▸ PROBLEM DETAILS: Ignoring the pictures, copy the data exactly.

▸ SOURCE MATERIAL:
::::
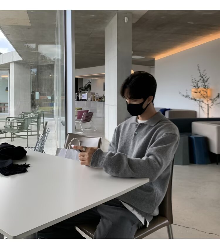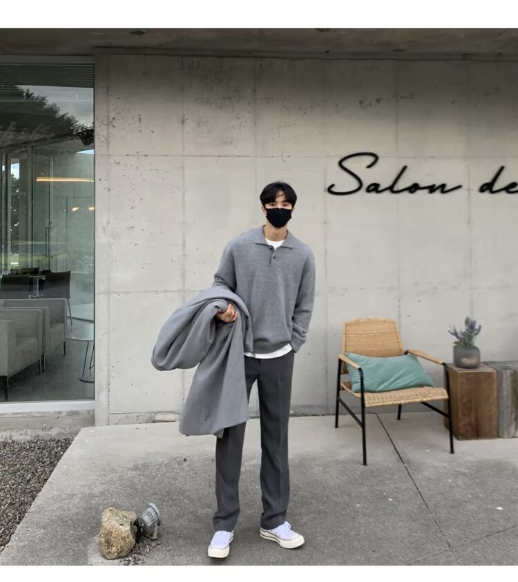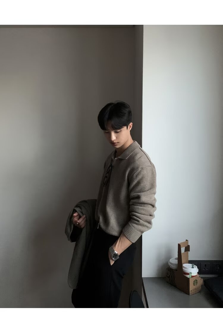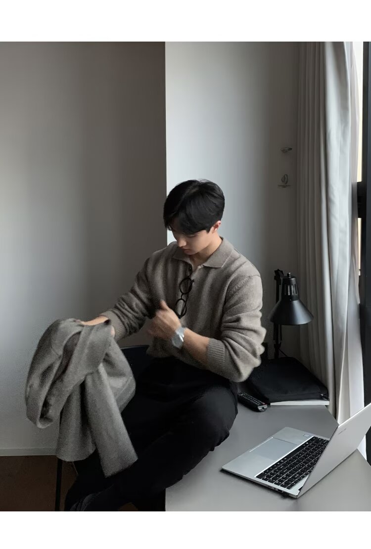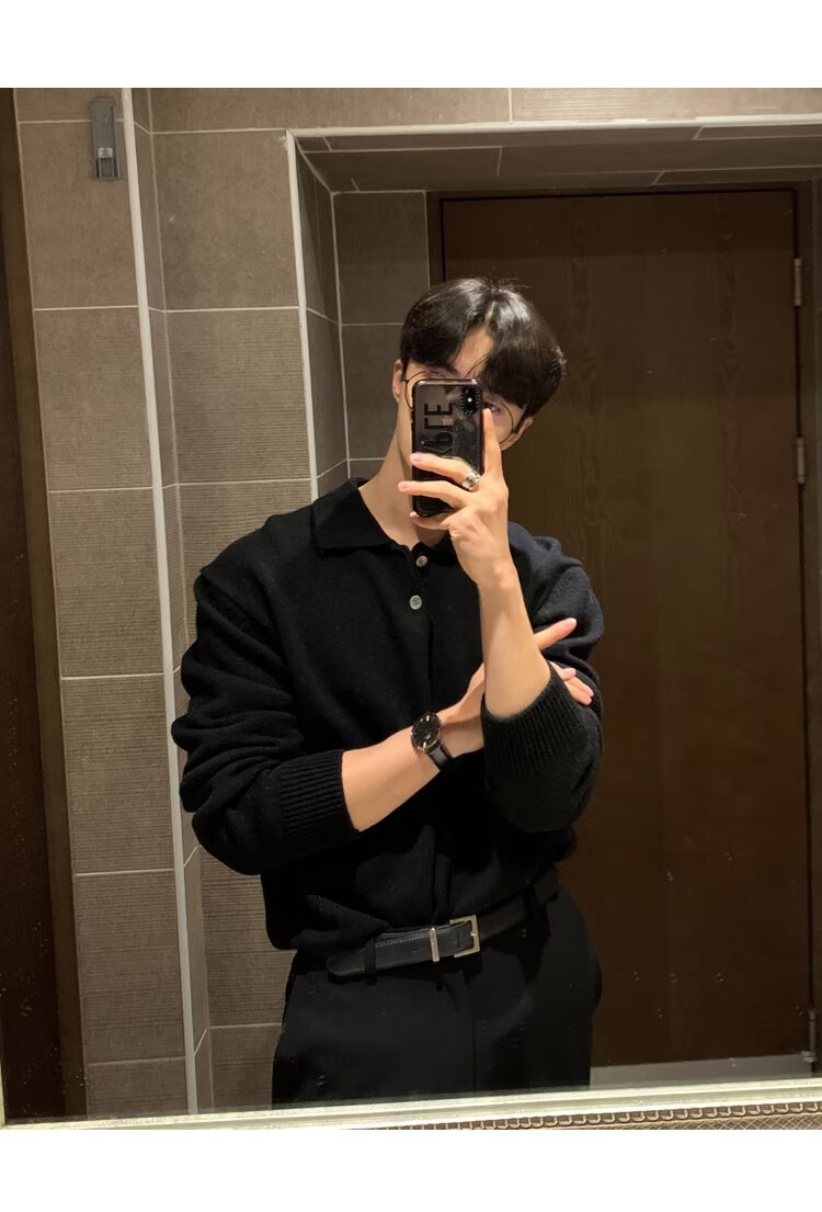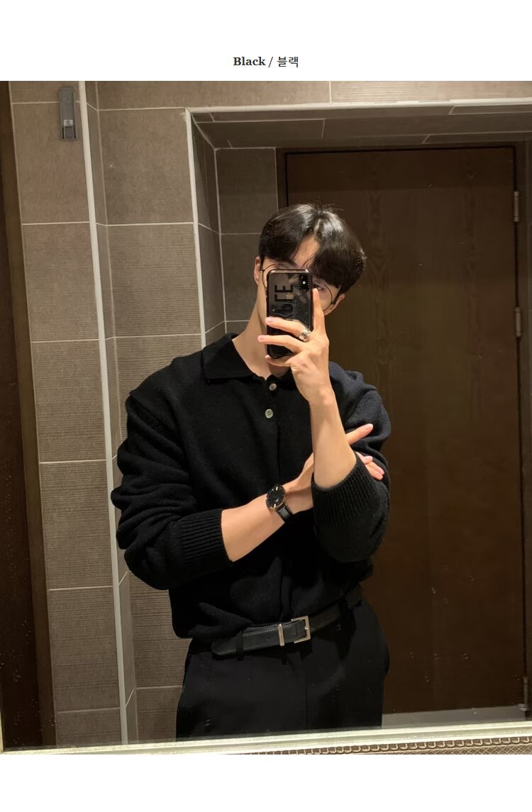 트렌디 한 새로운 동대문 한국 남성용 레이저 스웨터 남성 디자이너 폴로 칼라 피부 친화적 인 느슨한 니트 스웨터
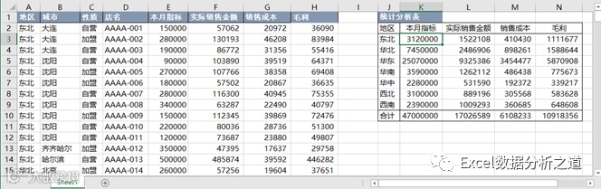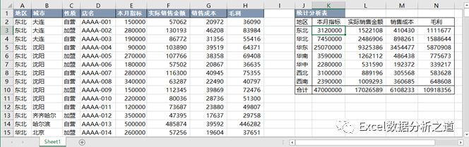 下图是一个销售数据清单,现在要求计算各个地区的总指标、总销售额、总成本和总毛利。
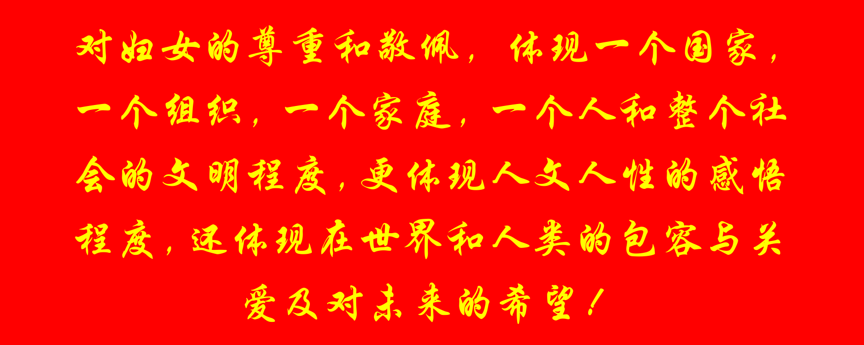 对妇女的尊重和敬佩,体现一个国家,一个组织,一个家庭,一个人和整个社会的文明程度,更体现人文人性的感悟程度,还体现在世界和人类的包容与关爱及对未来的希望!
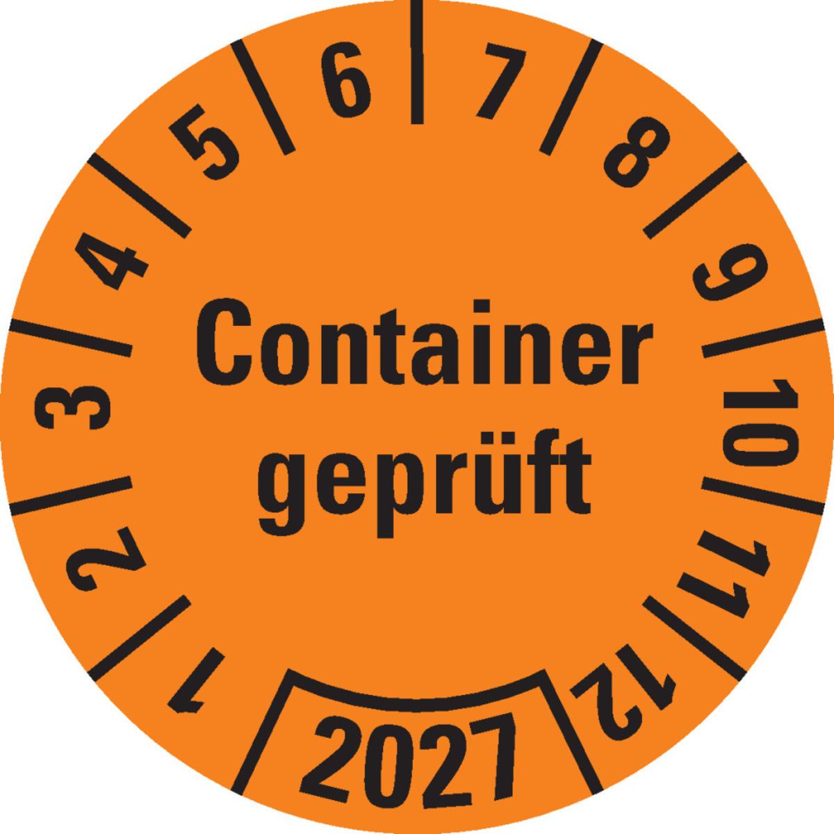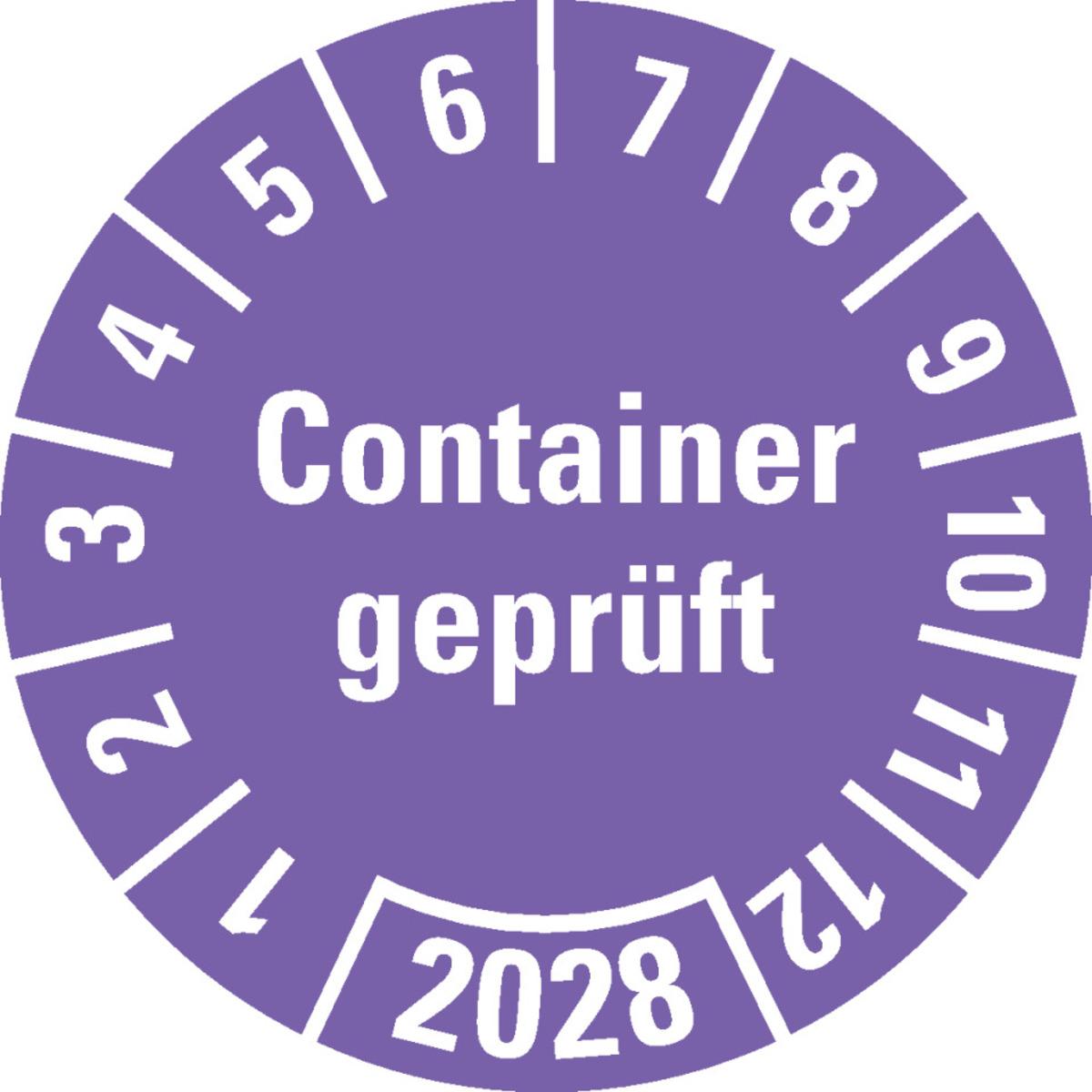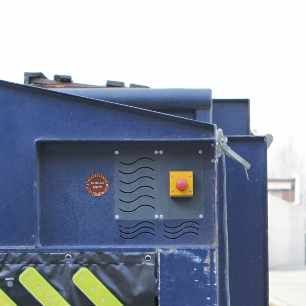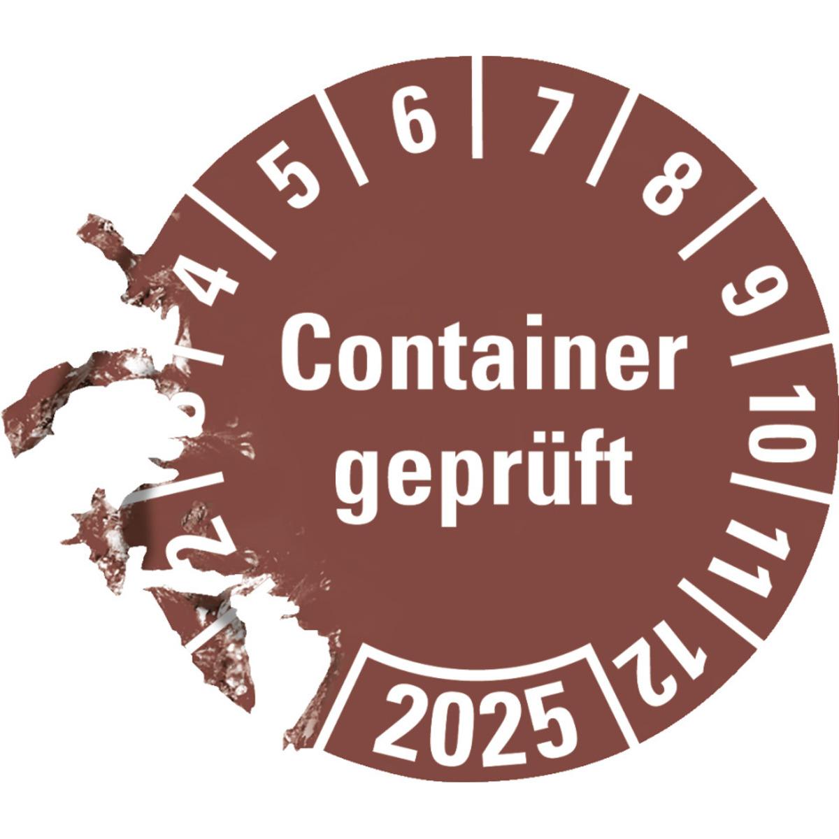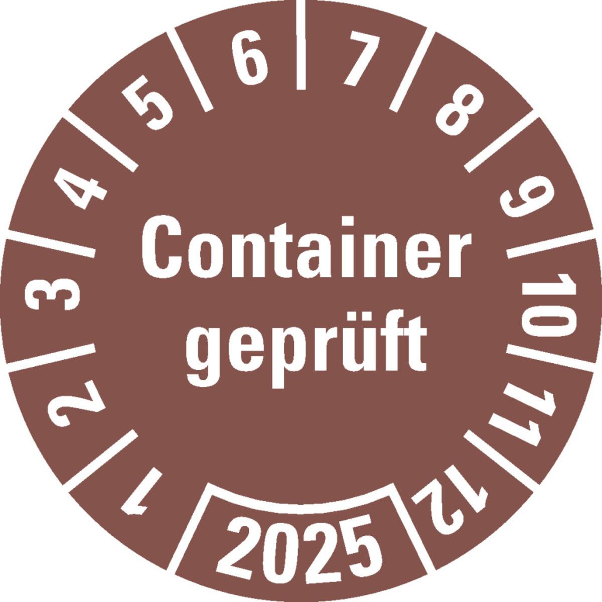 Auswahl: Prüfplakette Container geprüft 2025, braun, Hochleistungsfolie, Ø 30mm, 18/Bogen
::::
▸ YOUR RESPONSE:
 트렌디 한 새로운 동대문 한국 남성용 레이저 스웨터 남성 디자이너 폴로 칼라 피부 친화적 인 느슨한 니트 스웨터
 下图是一个销售数据清单,现在要求计算各个地区的总指标、总销售额、总成本和总毛利。
 对妇女的尊重和敬佩,体现一个国家,一个组织,一个家庭,一个人和整个社会的文明程度,更体现人文人性的感悟程度,还体现在世界和人类的包容与关爱及对未来的希望!
 Auswahl: Prüfplakette Container geprüft 2025, braun, Hochleistungsfolie, Ø 30mm, 18/Bogen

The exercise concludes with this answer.